Płacenie kartą jest wygodne, proste i... właściwie bezpłatne. Polscy konsumenci chwalą sobie to rozwiązanie głównie dlatego, że nie muszą nosić przy sobie gotówki, a i tak mogą w absolutnie bezproblemowy sposób płacić za produkty. Co więcej - właściwie trudno jest wskazać sklepy, w których terminali płatniczych nie ma. Kultura płacenia kartą w naszym kraju jest wysoko rozwinięta, a cierpią na tym... bankomaty.
Tak bardzo polubiliśmy płacenie kartą, że... bankomaty przestały być potrzebne
Na swoim przykładzie mogę powiedzieć, że z gotówką właściwie się rozstałem i w sumie, to nie pamiętam, bym ostatnio płacił za cokolwiek gotówką. Jeżeli tankuję - płacę kartą. Kupuję pizzę - odpowiednia kwota jest "ściągana" z konta. Za taksówkę, usługi medyczne, w sklepie zapłacę kartą - dla mnie noszenie gotówki i ekspedientka "winna grosika" to dla mnie najważniejsze czynniki, które przesądzają o niedostatecznej wygodzie takiej formy płatności.

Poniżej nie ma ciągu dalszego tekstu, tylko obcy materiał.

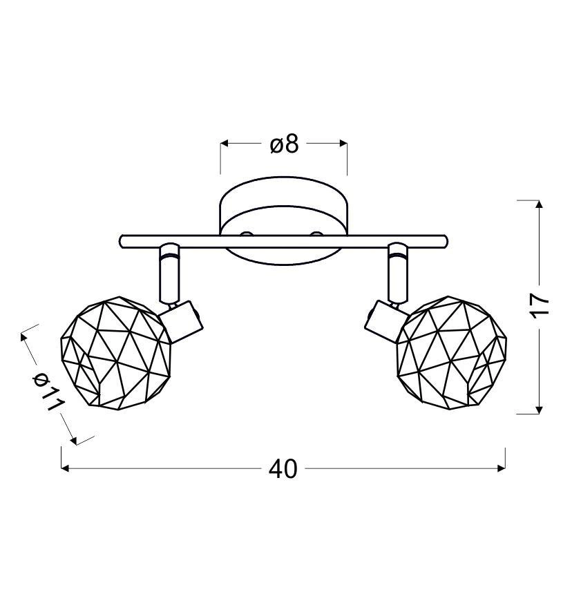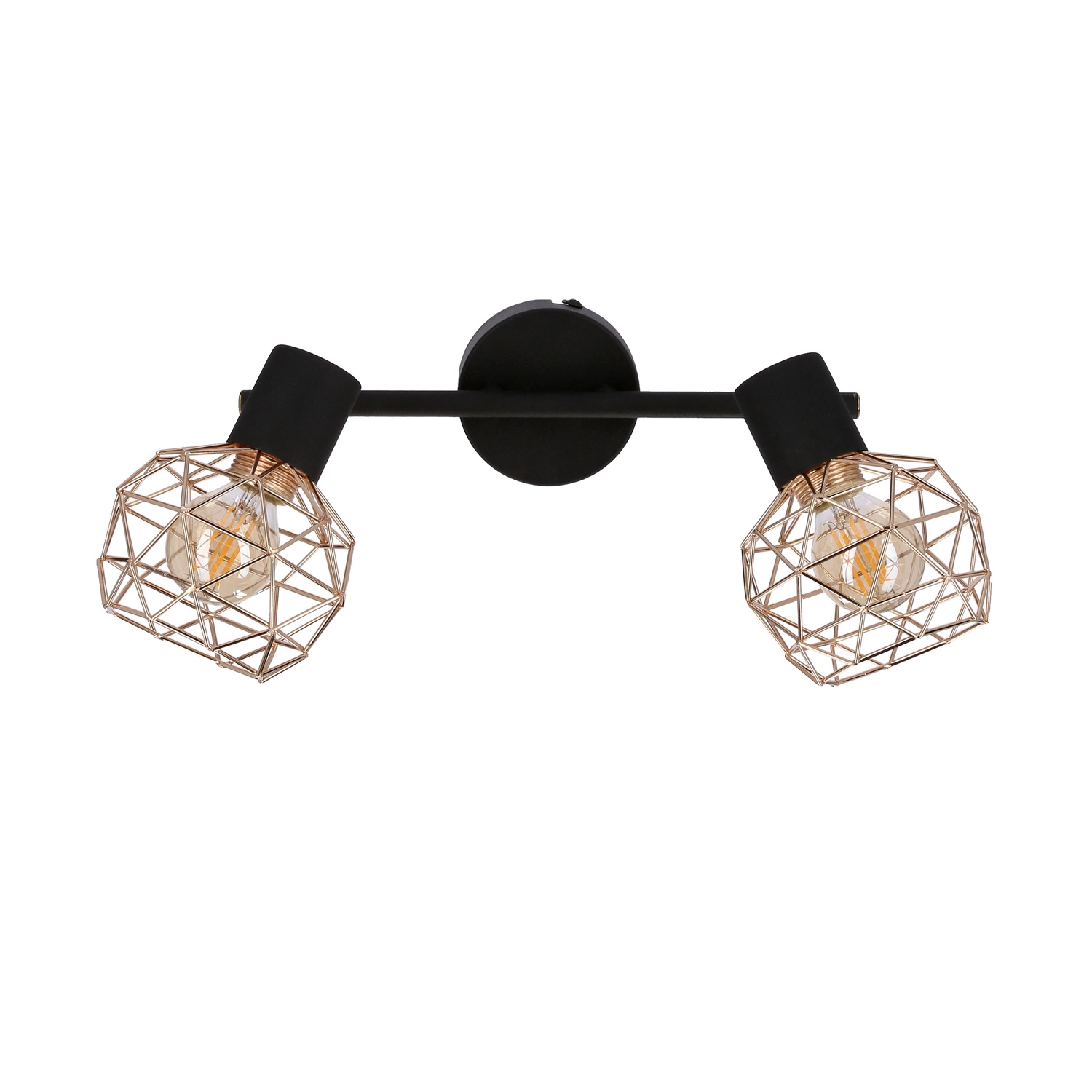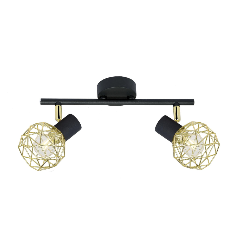 ACROBAT 92-66336 to nowoczesna lampa sufitowa z dwoma źródłami światła. Wykonana została z wysokiej jakości stali w kolorze czarno-złotym. Lampa posiada dwa ażurowe klosze z drutu koloru złotego osadzone na ruchomych przegubach, które dają możliwość regulacji kąta padania światła. Kształt kloszy sprawia że odsłonięte żarówki mogą być elementami ozdobnymi lampy dlatego warto wybrać ich dekoracyjny model. Oprawa będzie idealnym wyborem do nowoczesnych wnętrz. Doskonale będzie się prezentować w: salonie, jadalni, sypialni, pokoju młodzieżowym, gabinecie, biurze, lokalu, przedpokoju, korytarzu. Wysokość lampy to: 17 cm, szerokość 40 cm, głębokość 11 cm. Źródłem światła jest żarówka typu E14 o mocy max 40W w ilości 2 szt.

Na tym cierpią bankomaty. Jak się okazuje, takich maszyn w Polsce jest coraz mniej
Wysoko rozwinięta kultura płacenia plastikiem przyczyniła się do spadku opłacalności utrzymywania bankomatów - maszyn, w których można pobrać pieniądze. Jak wynika z danych z NBP (przekazane przez serwis Projekt Inwestor), w drugim kwartale mijającego już roku ich liczba spadła o 223. Co ciekawe, trend wskazujący na coraz niższą popularność bankomatów obserwowany jest od 2014 roku, kiedy to sukcesywnie zaczęła spadać częstotliwość wypłat. Wszystko to w połączeniu z cały czas rosnącą popularnością "plastików" i terminali honorujących karty płatnicze powoduje, że w kolejnych latach prognozuje się dalsze spadki popularności bankomatów.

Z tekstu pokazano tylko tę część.